The Mecklenburg County District Attorney declined to file charges against police in either case. Investigations in both cases have been long since closed, and the files sit gathering dust. But the department still stubbornly refuses to make the full details of the cases public. Lawsuits are pending in both cases, but again, CMPD could release the facts to the public because they may be forced to do so in court anyway.

Citizens shouldn't have to hope to find out the details of shooting cases from dueling legal briefs that make wildly different claims -- if a lawsuit even gets that far. We should make these investigatory files public.

An investigation of the Ehrenburg case by Creative Loafing last year found that police may have violated their own standards for entry -- what few standards they have. Worse yet, two versions of what happened that night appear to conflict with one another.

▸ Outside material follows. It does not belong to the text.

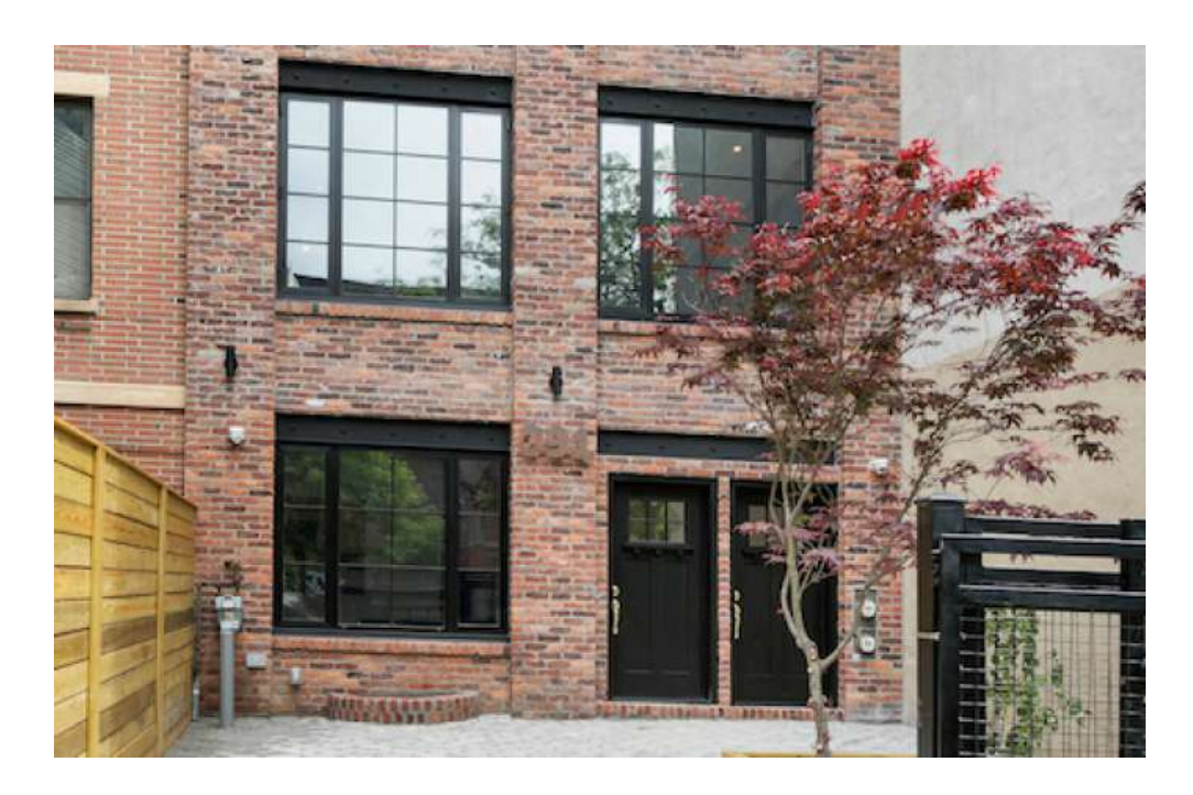
For $3.95 million, you can pick up this newly built, multi-family townhouse (with an owner's triplex and a smaller studio/guest suite) at 391 South 3rd Street in Williamsburg with a gated front courtyard—just beyond the front door—that doubles as a private parking space.

The department's stubborn insistence on burying this stuff makes giving its leadership the benefit of the doubt in these shootings very difficult to do. Worse yet, the Citizen's Review Board, which was sold to the public as an outlet for victims' families to request a second look at these shootings, has turned out to be little more than a public relations tool primed to clear police of wrongdoing.

According to its bylaws, the 11-member review board makes its decisions based on a "summary" of events provided by the police chief. There are no rules governing what facts and evidence the chief must include, so the review board sees whatever he wants them to see. It's the equivalent of a defendant in a homicide case having sole discretion over what a jury will see. The burden of challenging the police version of the story falls to victims' families.

So ultimately, the truth in these cases is whatever the police say it is. And that is never a good way to operate if you want the public's respect and trust.